Although many books cover the lives of Russia’s last royal family in some considerable detail, their time spent under house arrest in their own domestic family home - the Alexander Palace, outside St. Petersburg - is often covered in a few scant pages, or a chapter at most. But when set against the Revolution and the abdication of the Tsar, these few months from February to August 1917 take on tremendous significance and deserve to be studied in some detail, as events spiralled out of control and the Romanovs found themselves virtual prisoners in their own palace.
Worse still, with the aforementioned Tsar - Nicholas II - away and ensconced in the vicissitudes of World War One, it was left to his wife Alexandra - favourite granddaughter of Queen Victoria - to commandeer a household increasingly under siege, whilst simultaneously caring for a haemophiliac son and four daughters laid low by life-threatening measles. Alexandra’s boast that she was the one who ‘wore the trousers’ is thus put to the test in the hardiest of scenarios, as she found herself forced both to bolster a flagging palace garrison against the possibility of attack by bloodthirsty insurgents, whilst attempting to hold together a domestic staff increasingly fearful for their own lives in the face of mob retribution.

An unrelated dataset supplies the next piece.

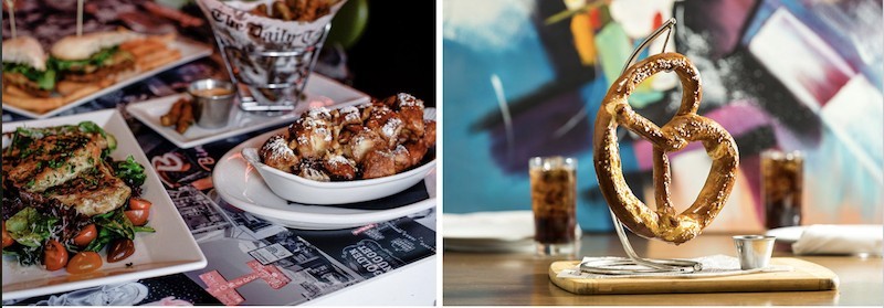 The Smashed Pig kicks bar food up a few notches. Share some Bacon Wrapped Peppers, Atomic Cauliflower, Pork Belly Tacos, or a Brewhouse Pretzel that s bigger than your head. Salads, burgers, and sandwiches like the Smashed Cubano and Sunday Chicken, plus Steak Frites and Blackened Salmon, are on the menu too.

Meanwhile, the German High Command set about releasing a veritable human bacillus - Lenin himself - back toward his native Russia, in a novel attempt to destabilise the Russian war machine further still.
Not simply a blow-by-blow account of the daily lives of a monarchy defiled, this book runs in tandem with the Russian Revolution as it surges out from Petrograd and toward the idyllic suburbs that the Romanovs called their home … without Rasputin to rally them, who can save the dynasty now?!